Reuters) - Fifteen seamen were in hospital on Tuesday after a fire on a Russian nuclear submarine, federal investigators said, contradicting earlier reports that nobody was hurt in Monday's blaze.
The fire started during welding works on the navy submarine Tomsk, which was being repaired at the giant Zvezda shipyard near the far eastern city of Vladivostok on the Sea of Japan, military officials said.
The fire was extinguished after about five hours, the state-owned United Shipbuilding Corporation, which operates the shipyard, said in a statement on Monday. It said there were no injuries.
In a report to President Vladimir Putin later on Monday, Defence Minister Sergei Shoigu made no mention of injuries.
However, the federal Investigative Committee said on Tuesday the fire had "caused damage to the health of 15 servicemen" and they remained in hospital. It gave no details about their condition.

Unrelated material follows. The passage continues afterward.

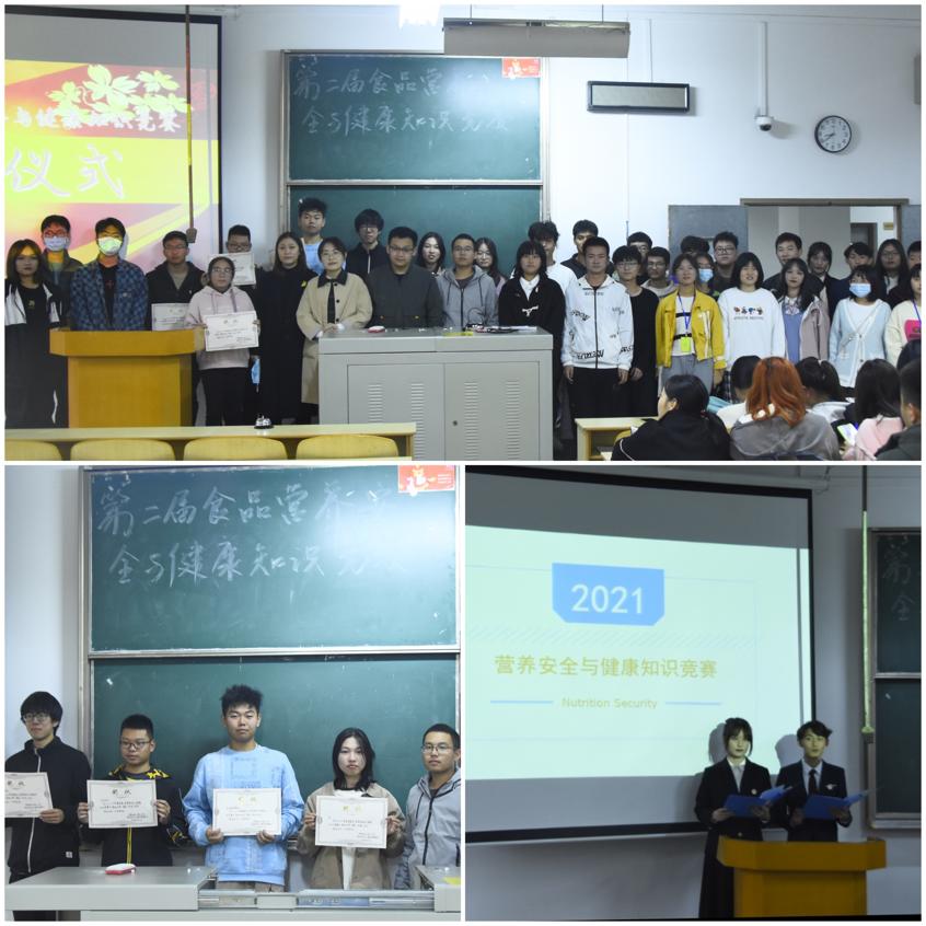 11月11日下午,食品学院2020-2021学年营养知识竞赛决赛在科教楼301成功举办,活动在食品学院院歌的MV中拉开序幕,主持人从比赛秩序、比赛流程等方面介绍了比赛的详细规则,各位参赛选手蓄势待发,场面异常激烈。决赛分为两轮,每轮每队派出三人,第一轮通过抽签采取两两PK抢答,两两PK之后积分排名前三的队伍将晋级第二轮。每队通过抢答的方式,根据第二轮每队总积分决出前三名。个人积分高的选手将获得优秀个人奖,一共七支由食品学院学生组成的队伍成功入围决赛并获得奖项和荣誉。食品学院辅导员为获奖队伍颁发了荣誉证书及奖品。

The Investigative Committee, which answers to Putin, said in a statement it was conducting a criminal investigation into the fire - which is a normal step in Russia after such an incident.
Shoigu told Putin that the missiles the submarines normally carries had been removed in 2009 before the repairs began, and officials said the atomic reactors that power it had been shut off and that there was no radiation leak.
Russia's navy has suffered several fatal accidents since the collapse of the Soviet Union in 1991.
The nuclear-powered submarine Kursk sank in the Barents Sea in 2000, killing all 118 crewmen aboard, and 20 people died aboard the submarine Nerpa in 2008 when its fire extinguishing system went off, flooding compartments with deadly gas.